Step 5: Take one practice test from a verified source. Use Linux Academy (now part of A Cloud Guru), Udemy’s best-reviewed LPIC-1 course with included practice tests, or the official Linux Professional Institute training materials. Not random internet tests. Real ones.

Your Retake Plan

Schedule your retake for 3 weeks out. Not 2 weeks. Not 1 week. Three weeks.

Here’s your study schedule:

Week 1: Focus entirely on your two lowest-scoring domains. Spend 90 minutes per day in your VM, 30 minutes reviewing practice questions specific to those topics. Do 1 full practice test mid-week. Score it. Don’t retake it yet—review the answers you got wrong.

Week 2: Rotate through all five domains. Spend 60 minutes on the three strongest domains (to maintain them), 90 minutes on the two weakest.

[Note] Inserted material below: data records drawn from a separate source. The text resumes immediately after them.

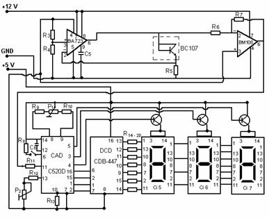Pentru calculul rezistentelor R14 R trebuie avut in vedere faptul ca C520D are iesirile mutiplexate, deci intr-o fractiune de secunda nu pot fi aprinsi toti cei trei digiti , ci numai cate unul ,prin rotatie. Datorita vitezei mari de multiplexare si inertiei ochiului omenesc , noi vom vedea toate cele trei cifre aprinse .Deci vom avea intr-un anumit interval de timp cel mult 7 LED-uri aprinse (7segmente). Considerand un curent de 40mA/segment, consumul maxim este de 280mA. In mod normal, curentul printr-un segment este de 10mA, dar s-a luat mai mare, tinand cont de faptul ca el nu mai este aprins tot timpul si si pentru a avea o luminozitate corespunzatoare. Nu trebuie depasit curentul maxim de varf repetitiv (60mA).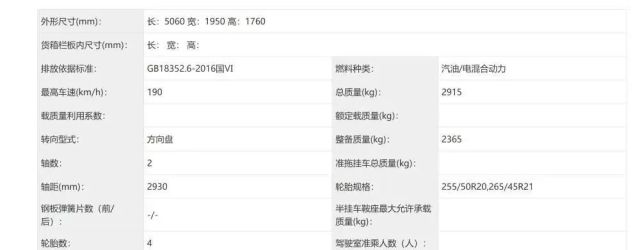 4米8车长+2米82轴距,定位中型SUV,目前申报版本座位为5座。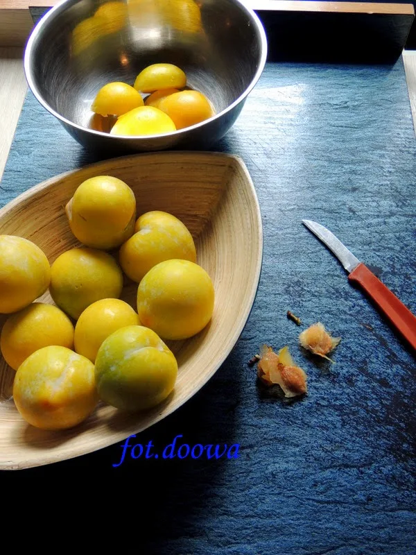 Śliwki przekroiłam na połówki i wyjęłam pestki.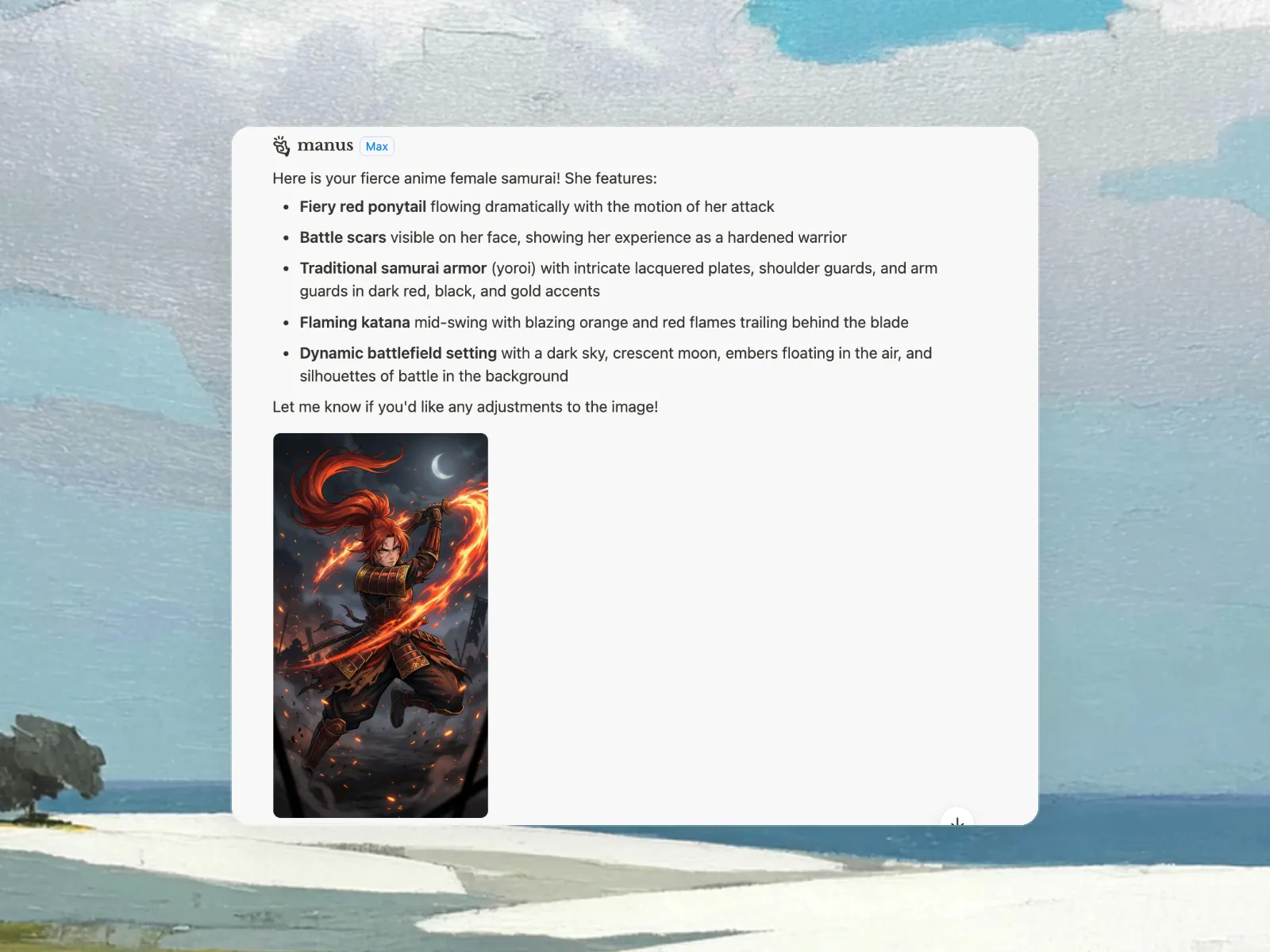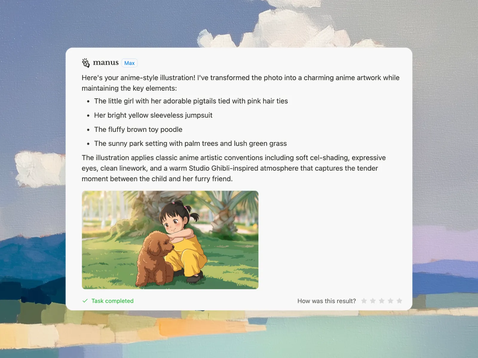 Using an AI anime generator is as easy as typing a description of the anime image you want to create. The more detailed your description, the more accurate the result will be. With Manus, you can also use our Design View to make specific edits to the generated anime image, giving you complete creative control.

Take 1 full practice test at the end of the week.

Week 3: Review specific question types you still miss. If you can’t answer questions about LVM, spend a day on LVM. If you struggle with sed and awk scenarios, spend a day on those. Take 2 full practice tests—one mid-week, one 3 days before your exam.

Your passing threshold for practice tests should be 75% minimum, and you should be hitting that consistently before you walk into the testing center.

Track your scores. If you’re at 68% on a practice test with a week to go, you need to extend your study time or delay your retake. Don’t take the real exam underprepared again.

One Thing To Do Right Now

Right now—not after you finish reading this—download your score report and open it.

Look at the domain breakdown. Write down the lowest one.

Then do a Google search for “[that domain name] LPIC-1 study guide” and spend 20 minutes reading what you missed.

That’s it. That’s your next action. Do it before you close this tab.

You’re 48 points away from certified. That’s close enough that you don’t need to restart—you need to focus. Your retake is winnable.